Lalibela was conceived as a paradise on earth. And its 11 churches, cut from living volcanic rock, are literally anchored in the earth. In scale, number, and variety of form there’s no architecture or sculpture quite like them anywhere. They’re on the global tourist route now, though barely. To Ethiopian devotees they’ve been spiritual lodestars for eight centuries, and continue to be.


Heaven seekers and art seekers are, in some ways, kindred souls, impelled to spend precious time and travel mad distances in search of places and things that will, somehow, fill them up, complete them. For the religious, pilgrimage is a dress rehearsal for salvation. For the art seeker, it can transform a wish list of experiences into a catalog of permanent, extended, relivable memories. But why do art seekers go to the particular places and things they do? This is a personal matter; complicated, with roots in the past.


As an American teenager in the early 1960s I sensed Africa all around me, secondhand. African independence was on the evening news; names like Lumumba, Nkrumah and Senghor chanted by jubilant crowds. “Civil rights” was turning into “black power,” with preachers in suits replaced by Huey Newton holding a spear in one hand, a shotgun in the other.


In college I took an anthropology course called “Primitive Art.” It met in an ethnological museum that had a collection of masks from West and Central Africa. I loved them instantly, these things made for dancing, healing, telling stories, changing identities. They looked old but felt new. I wanted to go to where they came from.


But not ready yet, I went that first college summer to Europe, where I dashed through countless museums in 15 countries before ending up in Istanbul. Again, love, immediate.

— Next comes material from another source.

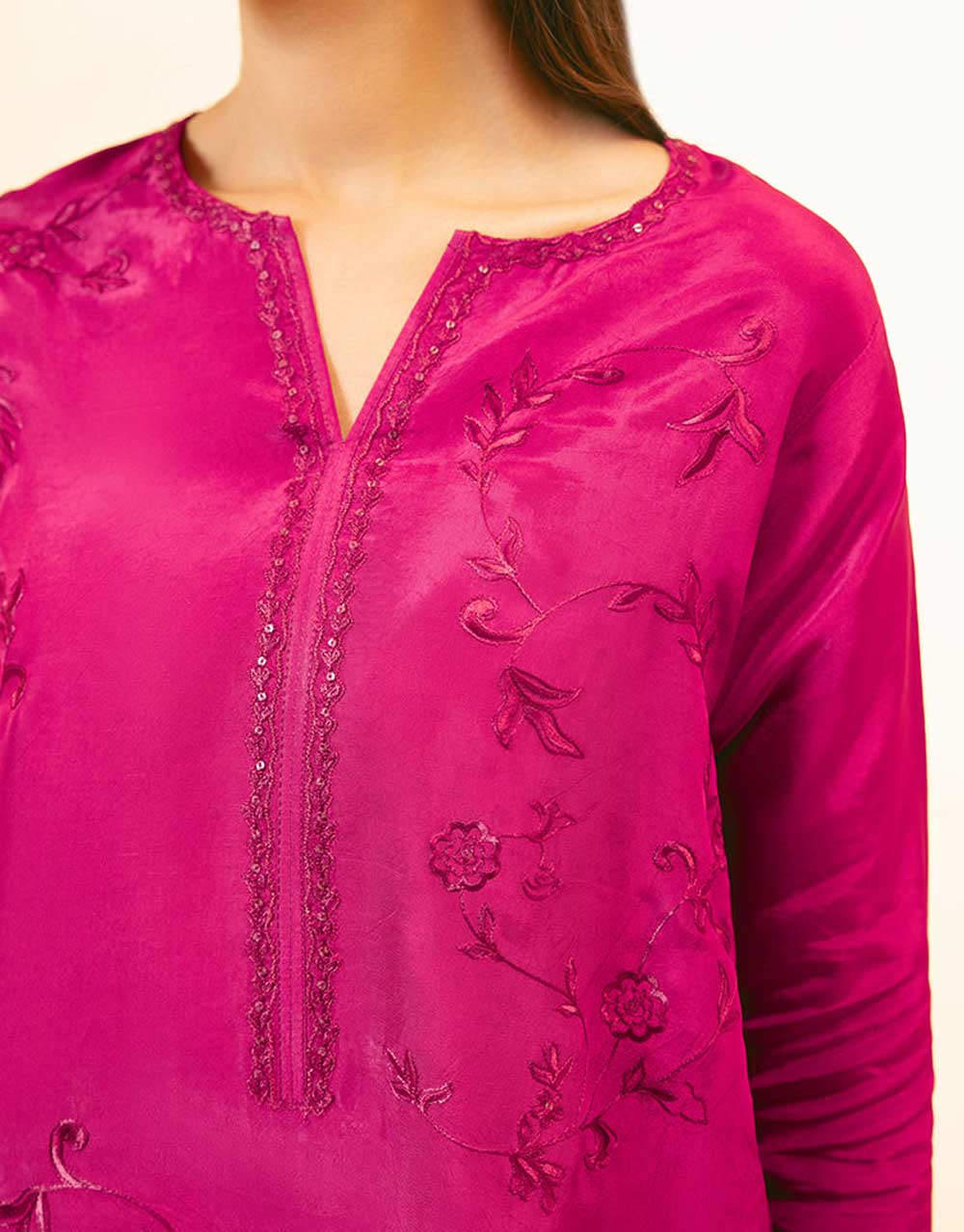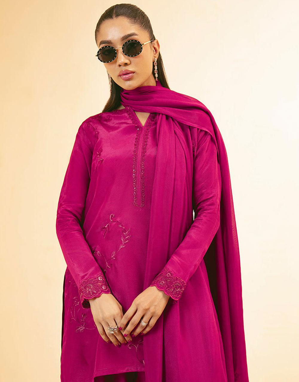 Out of your Eid wishlist: Rose Farshi Set. It features an embroidered short shirt and our signature Farshi shalwar. Elevate the look with a medium silk dupatta, detailed with embroidery patches, for a complete and refined style.

One look at Byzantine art — the lifting-off dome of Hagia Sophia, the Buddha-calm saints of the Chora mosaics — confirmed what I had begun to suspect: my compass was not set westward.


At that point I didn’t yet know that Byzantium and sub-Saharan Africa had once fruitfully intersected. I later learned, and that intersection is what I’ve come to Ethiopia to see.


The history of Ethiopian culture is deep, going back — if the national epic, the “Kebra Negast” or “Glory of Kings,” can be believed — to at least the 10th century B.C., when an Ethiopian ruler, the biblical Queen of Sheba, traveled to Jerusalem in search of the wisdom of Solomon. The two monarchs met, bonded and had a son, Menelik, who would become Ethiopia’s first emperor.


Solomon, the story goes, wanted to name Menelik as his heir. But the young prince, with Africa on his mind, left Jerusalem behind. He did not, however, leave empty-handed. Secretly he took with him the Ark of the Covenant, which held the tablets given by God to Moses, and brought it to Ethiopia, in effect, establishing a new Israel there.


History, if that’s what this is, then fades out for stretch, until around 300 B.C., when a new empire coalesces in northern Ethiopia, with the city of Aksum as its capital and a still-existing group of immense stone stelae, carved with architectural features, as its grand monument. Another fade-out. By the fourth century A.D. Ethiopia has become officially Christian, and the Ark is in Aksum, enshrined in a cathedral named St. Mary of Zion, where it remains.